De omroepen werden na 21 mei 1940 onderworpen aan Duitse controle, met name via de Rundfunkbetreuungsstelle (RBS), die de omroepen richtlijnen oplegde. Het door de Duitsers nagestreefde doel (concentratie van de omroepen in één omroep) werd belichaamd in ir. A. Dubois, die in december 1940 door het hoofd van het Departement van Volksvoorlichting en Kunsten, dr. T. Goedewaagen, tot Gemachtigde voor de Concentratie van de Radio-omroepen in Nederland werd benoemd.
Op 9 maart 1941 werden de omroeporganisaties ontbonden (Verorde ningenblad, nr. 49). Hun personeel en hun bezittingen werden overgenomen door de Rijksradio De Nederlandsche Omroep, onder leiding van dr. ir. W.A. Herwijer, met als programmablad „De Luistergids”. Voorjaar 1941 werd een verplichte luisterbijdrage van ƒ 9,– ingesteld.

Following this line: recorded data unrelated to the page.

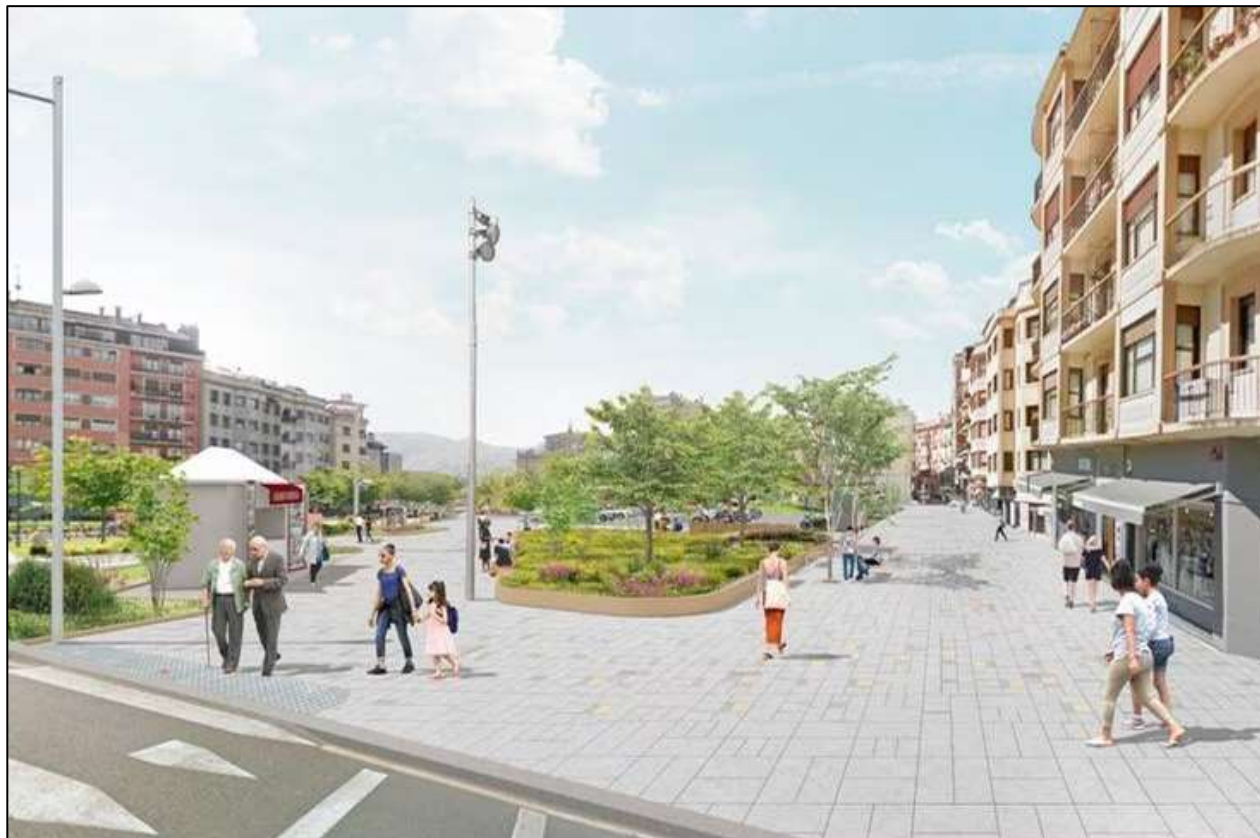
Plaza Jenaro Etxeandia, Irun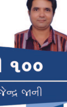
ગાંધી ૧૦૦ ડો. રાજેન્દ્ર બાની

એ શબ્દ વડે જે કંઈ સમજે છે, તેનું કંઈ સમજતા નથી, પરંતુ કંઈક જુદું જ સમજે છે. તેમને મન વર્ણવ્યવસ્થા એટલે વ્યક્તિના સ્વભાવ અનુસાર, અર્થાત વ્યક્તિની વંશપરંપરાગત અને અભ્યાસથી પ્રાપ્ત કરેલી કળતા અનુસાર શ્રમવિભાગ, અને કામકાજની વહેંચણી. તે કઈ ઉચ્ચનીય ભાવવાળા વર્ગો કે વર્ગોને અર્થ નથી સ્વીકારતા. પરંતુ સાથે સાથે તે એમ પણ નથી માનતા કે, વર્ગીયન એ આ શ્રમજીવી સમાજ મેટા કે કેન્દ્રિત યંત્રધોગની આસપાસ રચાયો જોઈએ. વૈયક્તિક રીતે જેનું નિયંત્રણ થાય છે તે મોટો કેન્દ્રિત યંત્રધોગ અનેકોનું શોષણ ઉભું કરે છે, એ વાતને સાબિતીની જરૂર નથી. એ વસ્તુ આજે પણ તરફ મોજૂદ છે, તથા તે મૂડીવાદને નામે ઓળખાય છે. આજે આખી દુનિયામાં જોવા મળતાં તથા આંતર- આંતર- આંતરવાર્ગીય અદભૂત અને ને મોટે ભાગે તેણે જ ઊભો કરે છે. જોકે એમ માનવામાં આવે છે કે, મોટા કેન્દ્રિત યંત્રધોગ અને વેપાર ઉપર વૈયક્તિક નહીં પશુ પ્રબળતા માલકી અને નિયંત્રણ હોય છે. તે શોષણ જેવું કાંઈ ન રહે. પરંતુ એ ખાલતે આપણને જે કાંઈ અનુભવ છે - આપણો તે અનુભવ એ રશિયા પૂરતી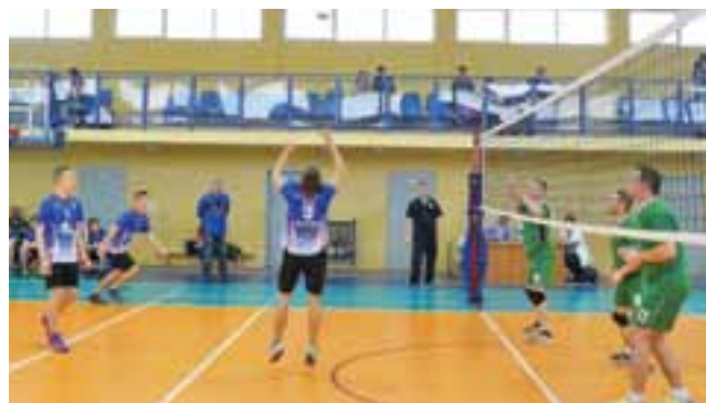
Akademia Siatkówki Żychlin przeciwko zespołowi Dąbrowice.

Podczas 12. kolejki ligi, w sobotę 5 marca, przeciwnikiem siatkarzy Akademii Siatkówki Żychlin była drużyna Dąbrowice. Siatkarze z Żychlina przegrali to spotkanie 2:1. Początek pierwszego seta to nerwowa gra i strata kilku punktów młodego zespołu. Drużyna z Dąbrowic kontrolowała wydarzenia na parkiecie i zakończyła pierwszy seta wygraną do 15. Kolejna odsłona przebiegała wyrównanie, w końcówce gry więcej zimnej krwi zachowali siatkarze Akademii Siatkówki, wygrywając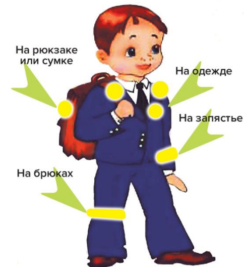
На рюкзаке или сумке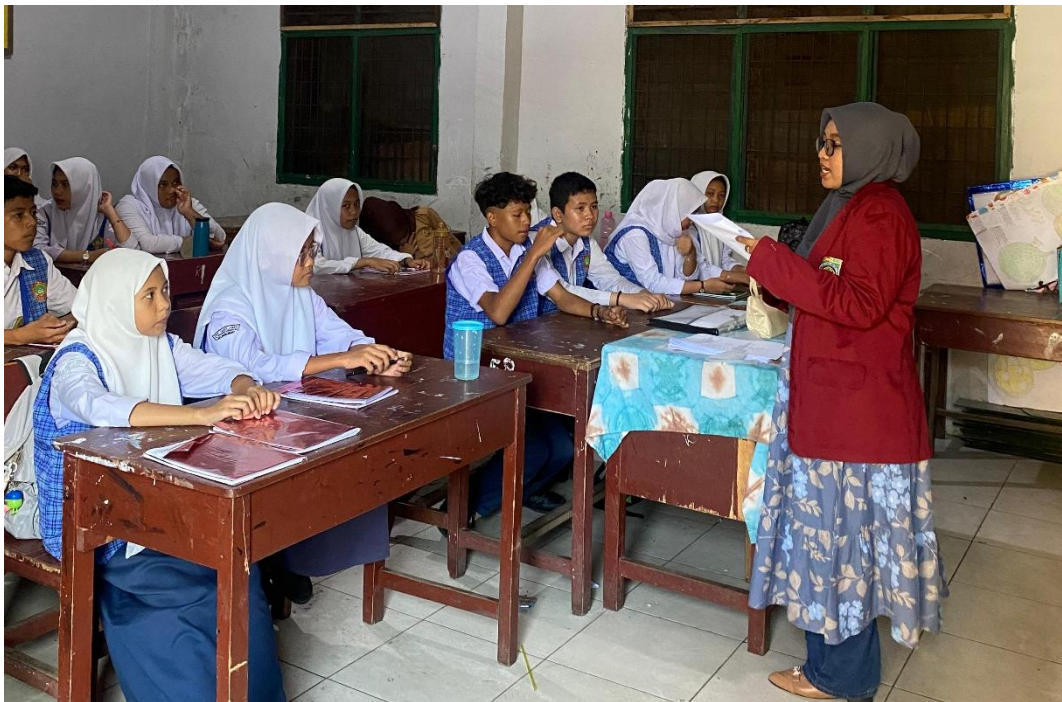
Penyebaran Angket di SMP Swasta Darul Aman Medan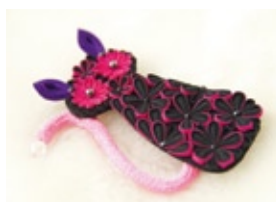
「金沢つまみ細工」のアクセサリ 京都の舞妓さんのかんざしを花嫁の個性に合わせてデザイン。写真は猫モチーフ。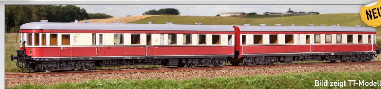
Bild zeigt TT-Modell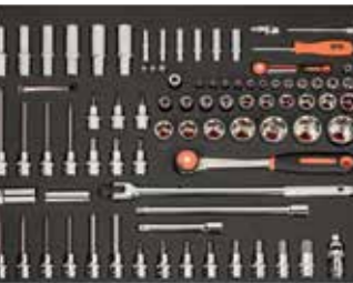
ЛОЖЕМЕНТ 26" Размеры: 543 x 445 мм

Предложение действительно с 1 апреля 2017 года по 31 июля 2017 года. Рекомендованная розничная цена, включая НДС. Предложение ограничено.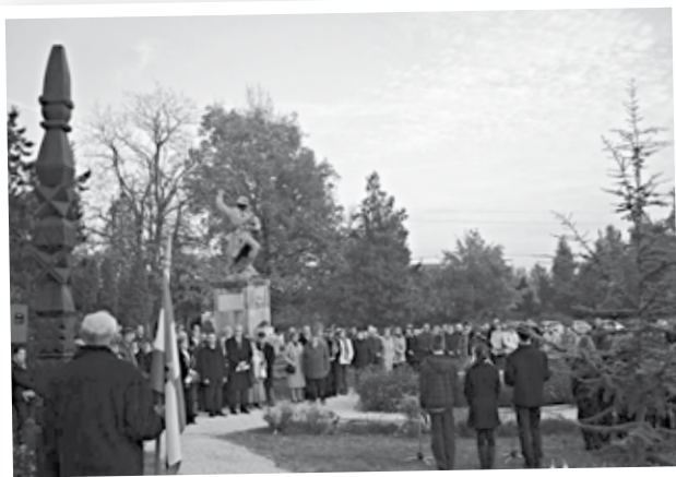
Szép időben ünnepeltük az 1956-os forradalmat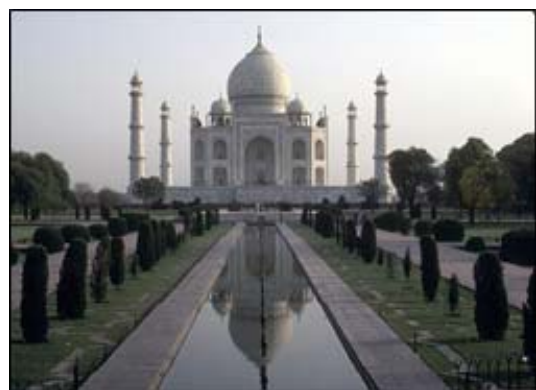
تصویر ۲- باغ تاج محل هندوستان

آن ماری شیمل معتقد است: چهار نهری که از میان باغ های بهشتی میگذرد (۹)، احتمالاً بعدها برای طراحی نهرهایی که از میان باغ های ایران و هند می گذرد به کار معماران آمد (تصویر ۲)، چرا که هر گوشه‌ای از باغ های سلطنتی به نحوی نشان از بهشت دارد و حوض مرکزی در باغ های ایرانی در حکم حوض بهشت بشمار می رود.

Op 15 maart 1943 werden alle radiotoestellen verbeurd verklaard om het luisteren naar de illegale uitzendingen van Radio Oranje vanuit Londen tegen te gaan. Radio Oranje was haar uitzendingen op 28 juni 1940 begonnen en stond toen onder leiding van J.W. Lebon. In 1941 kwam door samenwerking tussen de Rijksvoorlichtingsdienst en de BBC een tweede Nederlandse zender tot stand: De Brandaris (gericht op zeevarenden), onder leiding van H.J. van den Broek en A. den Doolaard. Op 2 november 1942 fuseerden de twee zenders, deze nieuwe Radio Oranje kwam onder leiding te staan van H. J. van den Broek. Radio Oranje zou blijven uitzenden tot 3 oktober 1944. De (Duitse) Nederlandsche Omroep zou tot 5 mei 1945 blijven uitzenden (op het laatst als Radio Vesting Holland). Zie voor nadere details:
- T. Leeflang, Kijk! Luister!. Film en radio in Nederland onder Duitse dictatuur, Soesterberg, Uitgeverij Aspekt, 2013
- G.P. Bakker, Het hellende vlak. Radio-omroep in nazi-greep, Alphen aan den Rijn, 1981
- H. van den Reuvel, Nationaal of verzuild. De strijd om het Nederlandse omroepbestel in de periode 1923-1947, Baarn, 1976
- D. Verkijk, Radio Hilversum 1940-1945, Amsterdam, 1974
- J.J. van den Broek, Hier Radio Oranje. Vijf jaar radio in oorlogstijd, Amsterdam, z.j.
Zie tevens: L. de Jong, Het Koninkrijk der Nederlanden in de Tweede Wereldoorlog, ’s-Gravenhage, 1969, Deel 4, pp. 438-443; 601-618; Deel 5, pp. 307-318; Deel 9, pp. 1197-1201.